Wednesday, March 12, 2014

Taking Jaywalking Lightly

Twice in as many days, I walked through downtown at lunchtime, dodging cars in the crosswalk, admiring mighty pedicabbers, doing the not-quite-making-eye-contact thing with oncoming pedestrians about who's going to swerve right and who's going to swerve left. Downtown Austin during South By Southwest is kind of like a miniature Times Square, only without quite so many weatherbeaten costumed characters of uncertain foreign extraction.

Then again, I've pretty much stayed away from the Convention Center.

It's fun to see your home city as a foreign place, though. Yesterday and today I approached two different crosswalks which already had groups of people waiting at them. When the light turned green, we didn't get a WALK signal. The first time, I just pushed the button and waited gamely with a European family through a second cycle of the light. Today, though, I darted around the startled-looking Asian couple waiting at the crosswalk and ran across the street with the green light. They waited. The red hand told them to wait.

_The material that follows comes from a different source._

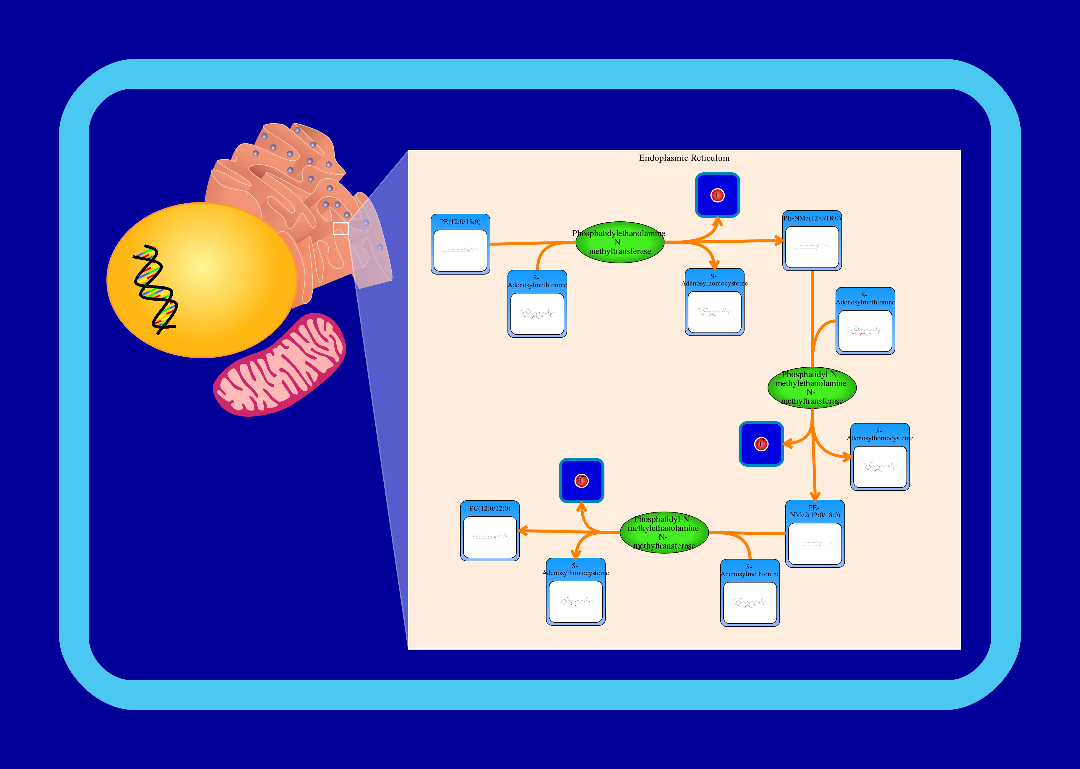 Phosphatidyl ethanolamine reacts with S-adenosylmethionine through a phosphatdylethanolamine N-methyltransferase resulting in the release of hydrogen ion and S-adenosylhomocysteine an a PE-NMe. The PE-NMe reacts with S'-adenosylmethionine through a phosphotidyl-N-methylethanolamine N-methyltransferase resulting in the release of hydrogen ion, s-adenosylhomocysteine and PE-NMe2. The PE-NMe2 reacts with s-adenosylmethionine through a phosphotidyl-N-methylethanolamine N-methyltransferase resuilting in the release of hydrogen ion, s-adenosylhomocysteine and PC

And though the immediate impulse - stressed out from walking through what's normally a relatively sleepy downtown area, temporarily teeming with Out-of-Towners - is to turn up one's nose and relish one's superiority in knowing how things work, actually it's rather humbling. They didn't push the pedestrian button because they come from a place where pedestrians aren't scum. Why should you have to prove you exist by pushing a button? Doesn't downtown Austin have enough pedestrian activity, even without a major festival in town, to justify letting drivers wait 30 seconds longer for a green light on the off chance that someone needs to cross? You should always get a WALK signal, dammit. You shouldn't have to push a button.

I would argue that the "no push, don't walk" logic is dangerous, anyway. You don't always know if the reason you aren't getting a WALK signal is because the button didn't get pushed in time (in which case the law-abiding citizen stands there waiting through a green light for no reason like an idiot) or because there's a traffic pattern you aren't immediately aware of, such as a currently unoccupied lane of traffic that has a green arrow through the crosswalk, and you're about to step into the right-of-way of someone who hasn't approached the intersection just yet. DON'T WALK, in other words, might not necessarily mean DON'T WALK. Or it might. Or it might mean the button's out of order, because that happens too. You can't really be sure.

And don't even get me started on sensor-activated traffic lights that don't detect cyclists.

Tomorrow I'm going to rent an Elmo costume from Lucy in Disguise and see if I can get credulous tourists to pay me to take a picture with them.